El círculo vicioso de la protección civil en el sexenio de Ernesto Zedillo: un balance cero positivo
 
Jesús Manuel Macías Medrano
 
Doctor en geografía por la unam, investigador del Ciesas
Correo electrónico: [email protected]

 
"Si no se cobra, ¿cómo la reparamos?" fue la respuesta de Ernesto Zedillo a damnificados que le dijeron no tener dinero para pagar los recibos de luz, ya que no tenían trabajo a causa de las inundaciones de 1999. Los desastres ocasionan la destrucción de las cosas y también acaban con las fuentes de empleo. Los damnificados requieren ser identificados en esa exacta dimensión de la desgracia. Zedillo poco entendió de esas cosas --y de otras muchas.

El estreno del presidente Zedillo en el poder público del país estuvo marcado por el proceso del riesgo-desastre y muy significativamente lo señalan los dos "errores de diciembre" de 1994: la hiperdevaluación de ese diciembre también se reflejó en la respuesta gubernamental a la crisis eruptiva del Popocatépetl. Zedillo ordenó la evacuación de más de 75 mil habitantes de las comunidades de mayor riesgo del volcán; apenas se contaron 25 mil personas en los albergues. La intervención gubernamental mostró a las personas bajo el riesgo volcánico que además tenían que enfrentar el otro riesgo de las pérdidas de sus bienes por las falsas alarmas y las evacuaciones forzadas. Un desastre nacional como la devaluación de entonces y el consiguiente sobreendeudamiento se sumó al desastre de los habitantes del Popocatépetl. Por ello, nunca habrá de eludirse la sospecha de que esa orden de evacuación masiva de Zedillo tuviera como propósito adicional ganar la distracción pública respecto del desastre mayor: la pérdida megamillonaria del patrimonio de los mexicanos a causa de dicha devaluación.

El año de 1995 también sería muy desastroso para el entonces presidente Zedillo. Principalmente mediados por huracanes y sismos, los desastres de ese año evidenciaron los estragos de las políticas neoliberales de los dos anteriores sexenios, el de De la Madrid y el de Salinas. El 10 de diciembre, un sismo de 6.3 grados Richter ocasionó muy serias destrucciones y poco más de 2 mil damnificados en el municipio de Coahuayutla, Guerrero, que no recibieron atención alguna de las autoridades federales y muy escasa de las estatales. El huracán Ismael irrumpió dejando 75 muertos, según datos oficiales, a causa de omisión e ineficiencia en los sistemas de alerta contra ese tipo de fenómenos atmosféricos. Fue una suerte de aviso a gritos para el Sistema Nacional de Protección Civil acerca de la urgencia de instrumentar sistemas de alerta temprana. El aviso fue ignorado o, peor aun, incomprendido por los "expertos" mexicanos de la protección civil.

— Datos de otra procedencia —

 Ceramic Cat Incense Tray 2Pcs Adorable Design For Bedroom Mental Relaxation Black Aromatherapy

Vale comentar la paradoja que se dio en esos días: estaba en apogeo el esfuerzo multinacional de la onu denominado Década para la Reducción de los Desastres Naturales, cuya divisa era precisamente el desarrollo de sistemas de alerta temprana. Miguel de la Madrid, de triste memoria por su pusilánime intervención en los sismos de 1985, presidía el Consejo Especial de Alto Nivel de ese decenio.

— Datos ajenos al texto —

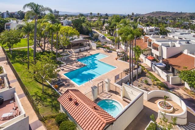 Highly coveted end-unit in Vista Del Cerro! Spacious living room with soaring ceilings, gas fireplace, and access to a private patio. Gourmet kitchen with granite counters, stainless steel appliances, and breakfast bar. Upstairs features a primary suite with tall ceilings, ample closets, and a private balcony, plus two additional bedrooms. Gated front patio and attached two-car garage. Community offers park-like grounds, pool, and clubhouse. Walk to highly rated Dailard Elementary and Patrick Henry High School. A true must-see!

Los huracanes Opal y Roxana se aparecieron después causando estragos en el sureste del país, y en agosto de ese año un fuerte sismo ocasionó daños en las costas de Colima y Jalisco, a donde Zedillo acudió para ofrecer a cada estado 20 millones de pesos para la reconstrucción. Éste sería el primer evento que mereció atención directa del presidente de la República por haber afectado a dos estados gobernados por partidos políticos diferentes. El significado político de la presencia del Ejecutivo habría de aparentar un trato igualitario de la Federación, cosa que fue desmentida por los hechos en el proceso de la reconstrucción las dependencias federales favorecieron más al estado gobernado por el pri.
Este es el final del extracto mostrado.